2 comments 2 comments

The sun

We all need a bit of sunshine in our lives – something that’s often lacking in the Great British Summer.

But while UV light (radiation) from the sun helps our bodies to make vitamin D, which is vital for building healthy bones, there’s a dark side to UV. It damages our DNA – the genetic ‘instruction manual’ in all our cells – which increases the risk of skin cancer.

Researchers have shown that eight out of 10 cases of malignant melanoma – the most dangerous form of skin cancer – are caused by getting too much UV, either from the sun or sunbeds. There’s also good evidence from population studies to show that getting sunburned at any age doubles the risk of developing melanoma later in life, and people who have the highest levels of UV exposure also have a higher skin cancer risk.

But up until now, there’s been an inconvenient problem for researchers studying precisely how UV-induced DNA damage leads to skin cancer: the major gene faults known to be involved in melanoma don’t actually show the hallmarks of UV damage. And because UV can cause such widespread damage throughout our genome, it’s been hard to pin down exactly which other genes might be involved in the disease.

Thanks to the advent of high-tech genome sequencing technology, this conundrum may have now been solved by two research teams in the US. Their results prove beyond doubt that UV-induced genetic damage can drive the development of melanoma, and highlight important new targets for future treatments for the disease.

Let’s take a closer look at what they found.

UV radiation, DNA damage and faulty genes

The structure of DNA

DNA is a twisted ladder or double helix. The ‘rungs’ are made of pairs of chemical ‘letters’ known as bases – A, C, G and T.

The sun produces two types of ultraviolet radiation – UVA and UVB – and they have different effects on our cells.

When it comes to directly causing DNA damage, UVB is the main culprit (although UVA can indirectly cause damage by creating DNA-damaging molecules called free radicals inside cells).

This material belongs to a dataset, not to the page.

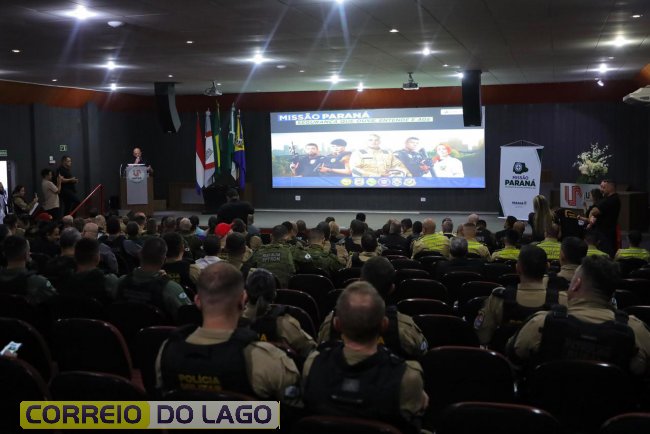 A Secretaria da Segurança Pública do Paraná realizou nesta terça-feira (22), em Guaíra, a apresentação oficial da Missão Paraná. A iniciativa marca o início de uma ação inédita, que une esforços operacionais e estratégias participativas para fortalecer a segurança pública de forma integrada e regionalizada. O evento reuniu representantes das forças de segurança federais, estaduais e municipais, além de autoridades do Ministério Público, do Judiciário e do Executivo.

UVB damages DNA by causing neighbouring pairs of ‘letters’ in the DNA code (usually TT or CC – see diagram on the right) to stick together, creating what are known as pyrimidine dimers. This makes the familiar double helix DNA strand distort out of shape.

If cells get a huge dose of UV, the resulting damage usually kills them outright – something you can witness in action if you’re ever unfortunate to get sunburned enough for your skin to peel.  But even amidst this destruction, some cells will survive. And while these cells can often spot internal UV damage and repair it,  sometimes the fused ‘letters’ get copied incorrectly as a cell duplicates its DNA when it gets ready to divide.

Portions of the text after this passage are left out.